Agrobacterium-mediated
gene transfer in plants
In
plants, the process of genetic engineering was driven by the discovery
that a common soil borne bacterium and plant pathogen, Agrobacterium
tumifaciens, had a means by which it naturally transferred some
of its own bacterial DNA into targetted plant cells, and this transfer
and integration of bacterial DNA into the plant cells then caused the
plant cells to produce new compounds for the bacterium to use. It is
this naturally occurring transformation process that provided the scientific
basis for genetic engineering in plants. A
recent report by the French Academies des sciences
(2002) highlights the importance of this fundamental discovery
about Agrobacterium, as the basis for genetic engineering in
plants.
Agrobacterium
is now being used as a biological transfer agent to move one or
more genes from bacteria to plants, from plant to plant, and theoretically
from any other organism into plants.
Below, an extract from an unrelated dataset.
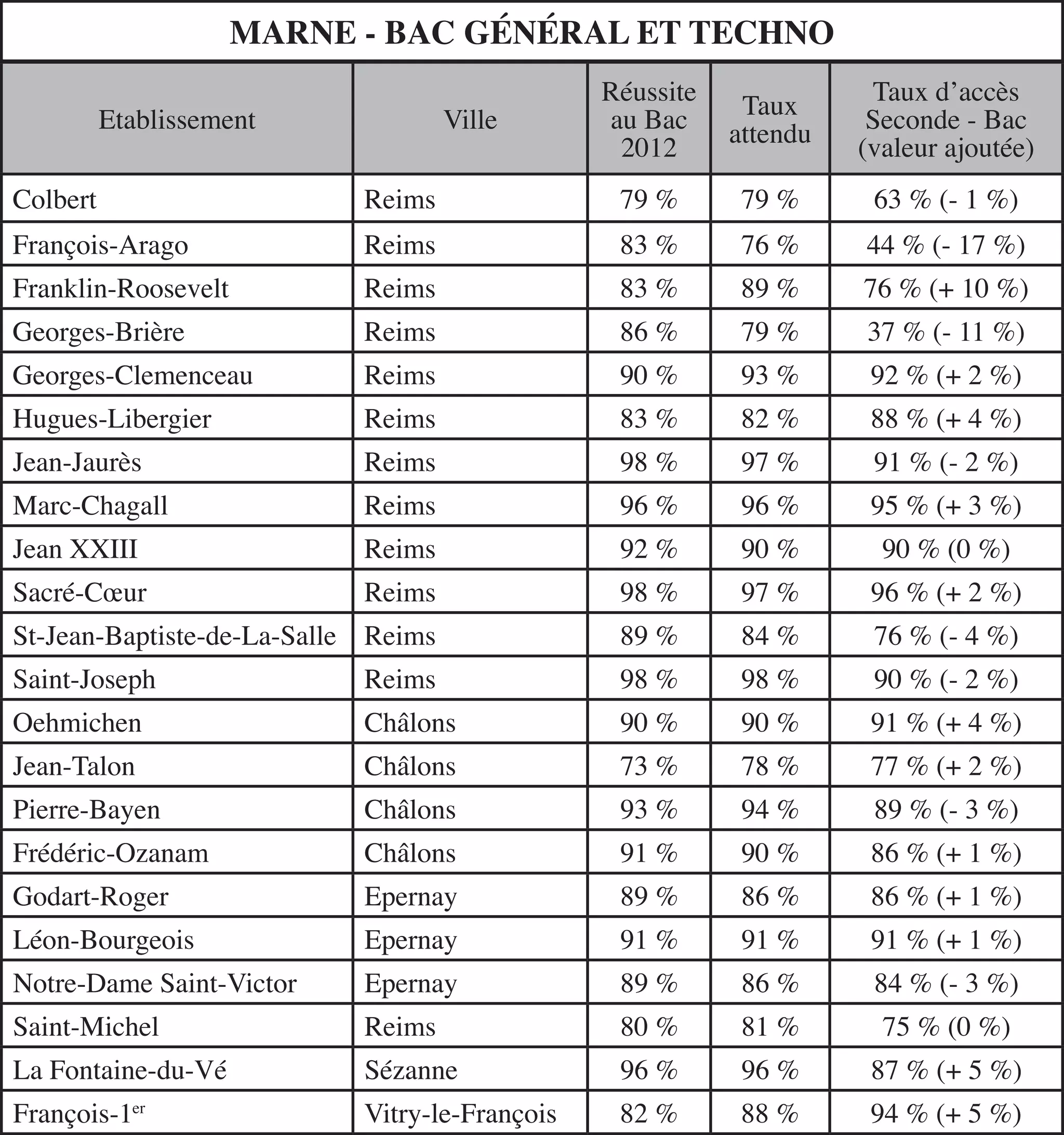 Tableau bac general et techno Marne

For example, insect resistant plants
contain toxin-producing genes from the bacterium, Bacillus thuringensis
(Bt) introduced into cotton, corn and other crops. Herbicide-tolerant
soybean contains genes isolated from soil-borne bacteria. A modified
strain of Agrobacterium tumifaciens is also being used
for the biological control of crown gall disease, the first genetically
modified organism to be released into the environment for commercial
use (Kerr, 1991).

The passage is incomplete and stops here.